Ensure AOAI models are deployed using Global deployment
Impact:HighCategory:High Availability
APRL GUID:081fc8a4-b2d9-405b-b351-334e621016f5
Description:
Global deployments leverage Azure's global infrastructure to route customer traffic to the best available data center for the customer’s inference requests. This ensures highest initial throughput limits and best model availability while still providing our uptime SLA and low latency.
Potential Benefits:
Low latency, best model availability, business continuity
Click the Azure Resource Graph tab to view the query
//cannot-be-validated-with-arg
Deploy a PAYG instance of the model with provisioned throughput to manage overflow effectively
Impact:HighCategory:High Availability
APRL GUID:0c193899-da60-4a52-b4a0-77d75ac8c5c5
Description:
Provisioned Throughput offers pre-allocated capacity for consistent workloads, while Pay-as-You-Go charges for actual usage, ideal for variable workloads. During overflow, the Pay-as-You-Go instance manages excess load, ensuring service efficiency
Potential Benefits:
PAYG model balances cost and performance and helps scale
Click the Azure Resource Graph tab to view the query
//cannot-be-validated-with-arg
Ensure that models are deployed using Global batch for large scale processing
Impact:HighCategory:Scalability
APRL GUID:8aa9744b-f302-4b05-9776-51d6dd3d0c3a
Description:
Global batch efficiently handles large-scale tasks within 24 hours. Submit requests in a single file, with a separate quota to protect online workloads. Key uses: data processing, content generation, document review, customer support automation, data extraction, NLP tasks, and marketing
Potential Benefits:
Cost effective faster turnaround for large-scale processing.

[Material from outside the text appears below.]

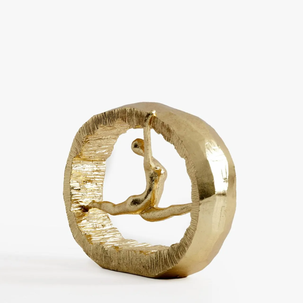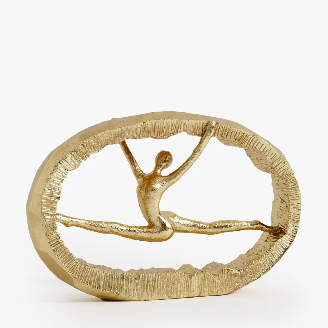 Figurka dekoracyjna gimnastyczki wykończona w złotym połysku emanuje elegancją, idealną do wnętrz w stylu glamour. Wyrzeźbione ciało oraz zaokrąglona rama nadają jej wyjątkowego charakteru. Wygięta postura tworzy wokół siebie aurę siły i harmonii z duszą.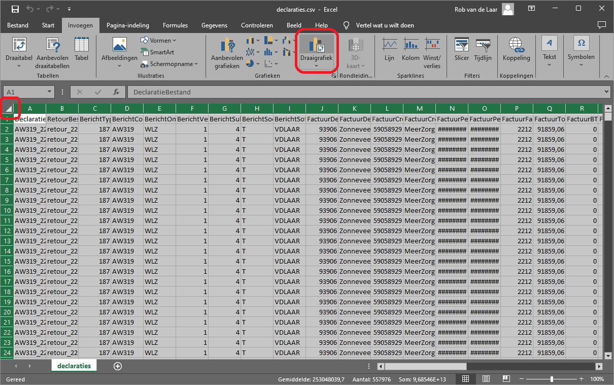 Selecteer hierna alle gegevens door op het hoekje linksboven de spreadsheet te klikken. Kies daarna voor Invoegen > Draaigrafiek:

Click the Azure Resource Graph tab to view the query
//cannot-be-validated-with-arg
Ensure AOAI models are deployed using Data Zone Standard for data residency requirements
Impact:HighCategory:Governance
APRL GUID:ac3add17-013e-41a5-af91-9fefce794a00
Description:
Data zone deployments route customer traffic to the highest availability data center within the defined data zone, ensuring data at rest remains within the Azure OpenAI resource geography. This approach offers increased quota limits and ensures data processing occurs within the specified data zone
Click the Azure Resource Graph tab to view the query
//cannot-be-validated-with-arg
Deploy AOAI Service in multiple regions using Standard and/or Provisioned deployments
Impact:HighCategory:High Availability
APRL GUID:61187af4-7d36-4b48-b16e-de78bef143a0
Description:
If your service needs to always be available, design AOAI Service to either failover into another region or split the workload between two or more regions. Applications requiring high degrees of resiliency should consider this to strengthen their model infrastructure.
Potential Benefits:
Ensures business continuity during regional outages.